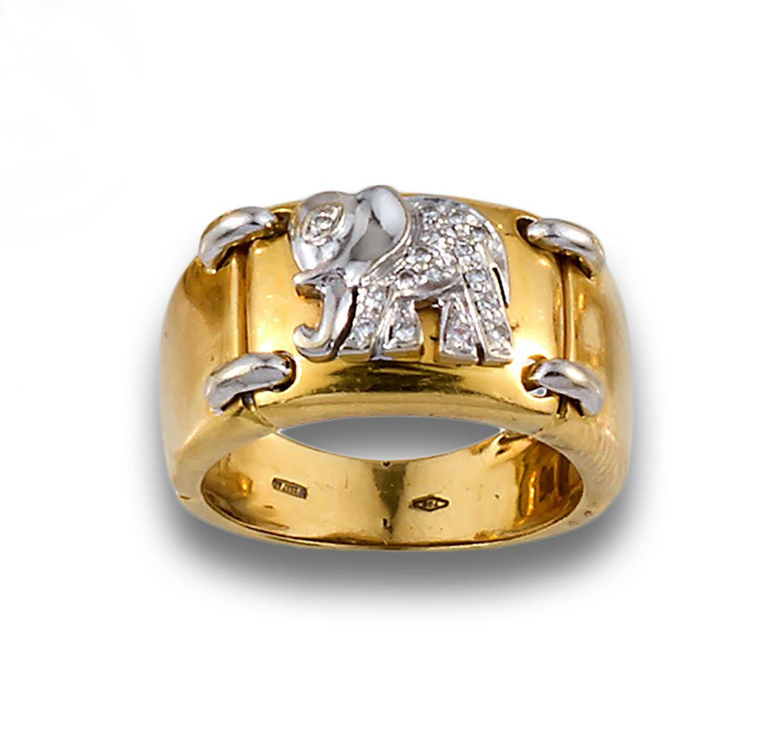 NEW 14K TWO TONE GOLD LADIES FANCY RING ELEPHANT
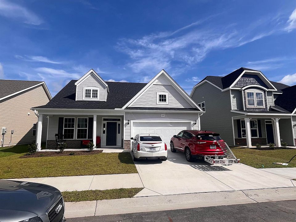 Our newest addition to our home plan line up. The Kent plan has 4 bedrooms, bonus and 2.5 full baths with laundry room. We have added a Covered porch. Our design team has added the following designer features to this home. Laminate flooring in the living areas. Carpet in the bedrooms and bonus room. Upgraded granite to the kitchen. Tile in both bathrooms. Luxury style cabinets with stylish hardware. Comfort height toilets. Full sod and irrigation. 30 architectural shingles. Upgraded baseboards, Too many features to list! Call for more information. Ready to move into NOW! Fantastic location with easy access to 14 gold courses within a 7 mile radius and close to both North and South Carolina beaches, restaurants and shopping! "Photos are of a similar Harmony home. (Home & community information, including pricing, included features, terms, availability and amenities, are subject to change prior to sale at any time without notice or obligation. Square footage's are approximate). Photographs, pictures, colors, features, and sizes are for illustration purposes only and will vary from the homes as built.
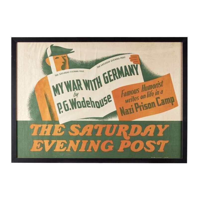 7/19/1941. Advertising poster for Wodehouse's article featured in the Saturday Evening Post. 29 1/2 x 41 1/2 in. (74.9 x 105.4cm). In frame. McIlvaine D59.136.

- ASSIGNED TASK: Output the listing above in full and exactly, with pictures excluded.

- RESPONSE FOR THIS EXERCISE:
 NEW 14K TWO TONE GOLD LADIES FANCY RING ELEPHANT
 Our newest addition to our home plan line up. The Kent plan has 4 bedrooms, bonus and 2.5 full baths with laundry room. We have added a Covered porch. Our design team has added the following designer features to this home. Laminate flooring in the living areas. Carpet in the bedrooms and bonus room. Upgraded granite to the kitchen. Tile in both bathrooms. Luxury style cabinets with stylish hardware. Comfort height toilets. Full sod and irrigation. 30 architectural shingles. Upgraded baseboards, Too many features to list! Call for more information. Ready to move into NOW! Fantastic location with easy access to 14 gold courses within a 7 mile radius and close to both North and South Carolina beaches, restaurants and shopping! "Photos are of a similar Harmony home. (Home & community information, including pricing, included features, terms, availability and amenities, are subject to change prior to sale at any time without notice or obligation. Square footage's are approximate). Photographs, pictures, colors, features, and sizes are for illustration purposes only and will vary from the homes as built.
 7/19/1941. Advertising poster for Wodehouse's article featured in the Saturday Evening Post. 29 1/2 x 41 1/2 in. (74.9 x 105.4cm). In frame. McIlvaine D59.136.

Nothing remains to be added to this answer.